Thanks to Mark Weeks highlighting the Fischer Random tournament in Moscow last weekend, I found a great quote by Emanuel Lasker at the Chessvibes reporting of the event.
"Education in Chess has to be an education in independent thinking and judgement. Chess must not be memorized, simply because it is not important enough. ... Memory is too valuable to be stocked with trifles." - Emanuel Lasker
It's not so much the memory that is too valuable, but the investment in time. Even a genius like Magnus Carlsen has still spent a major portion of his life memorising vast amounts of opening variations. He has the memory capacity to do that, but it was the investment in time that is questionable. Sure he has been rewarded for it by becoming the world champion, but think of the thousands of almost-as-good-players that aspired to it as well and spent just as much time memorising opening moves without the same result.....

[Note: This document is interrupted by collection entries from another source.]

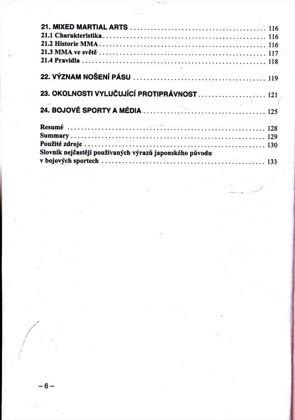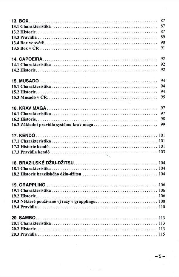 Publikace popisuje základní charakteristiky nejznámějších bojových sportů a umění, seznamuje s jejich historií a částečně i pravidly.
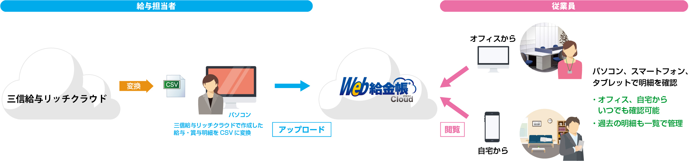 今回の連携により、「三信給与リッチクラウド」を使用している給与業務担当者はWeb上で給与明細を作成し全国の従業員へ一括配付できます。従来かかっていた紙の明細書作成・封入・郵送などの手間が解消され、作業効率化による働き方改革を実現します。また、従業員はパソコンやスマートフォンを使って、オフィスや自宅からいつでも安全に明細を閲覧できます。
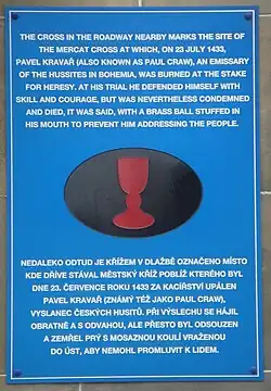 Bilingual memorial plaque in St Andrews with Hussite emblem
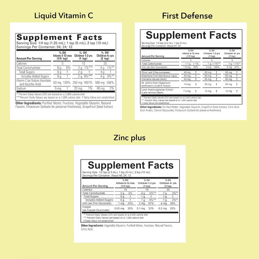 3-Pack ChildLife Essentials Immune Support Bundle - Liquid Vitamin C, First Defense, Zinc - Boosts Immune System for Children
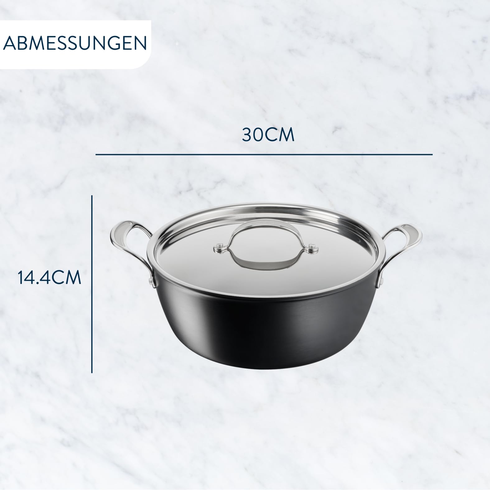 Tefal Jamie Oliver Batch-Cooking Set, Harteloxierter Kochtopf Induktion 30 cm, Antihaftversiegelung, für grosse Mengen, Thermo-Signal bei idealer Brattemperatur, Edelstahl/Schwarz, H91254
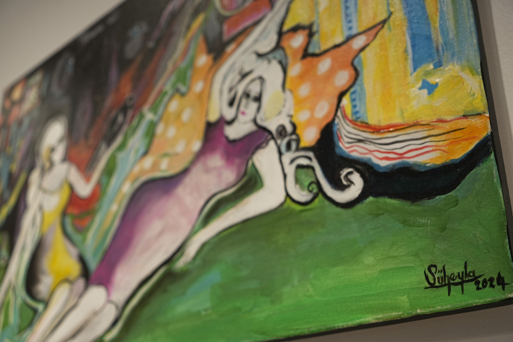 Bu ikinci kişisel sergim. Sergimin konusu ‘Çiçeğin kokusunda, kuşun kanadında kadın'. Resimlerimde konu olarak kadının yüzyıllardır varoluş mücadelesinden yorgun düştüğü ve kendine bir dinlenme alanı oluşturduğu süreci ele almak istedim.
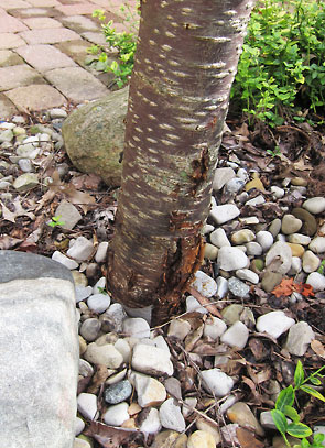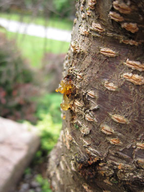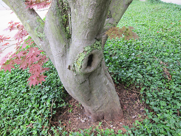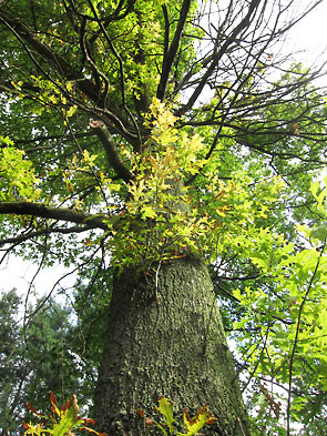In terms of maintenance, pruning, watering through droughts, and protecting the roots keep trees healthy. Roots need protection from compaction. A thin layer of mulch surrounding a tree to the edge of its canopy does much to prevent lawn mower “blight”, and a fence will protect roots from the heavy traffic during construction projects that might otherwise kill well-established trees. Pruning when trees are young promotes a scaffold structure that prevents crossing branches and competition over sunlight. During a drought, trees should get priority in watering over lawns. Due to the fall droughts of 2009 and 2010, many area trees were lost. At our house, we lost a beautiful weeping cherry. The tree’s stress escaped our notice until the spring when it failed to leaf and sap bled from its trunk. Pulling back a competing vine from the tree’s base revealed the canker where the tree blew out in its suffering.

This brings me to the points Hikaru Nakamura has made over the last few weeks. In an interview after the Zurich tournament this year, Hikaru said:
"In general I like reading a lot, book on just about everything. I'm also quite interested in languages, and spend a lot of time studying Italian and French. Sometimes I'm into hiking. Maybe I have too many interests, and that's why I'm not so good at chess. I just try to enjoy life as much as I can"
Sounds logical to me! Rather that than sitting in front of a computer studying the latest Livebook database findings for the latest fashions in chess opening fads.....
An interesting interview in America by Hikaru on Chess960 here:
Question - Do you think there will ever be a time in the future when Chess960 is a serious competitive chess format? Do you feel it does a good job of shaking up the theory-heavy metagame for more "casual" observers?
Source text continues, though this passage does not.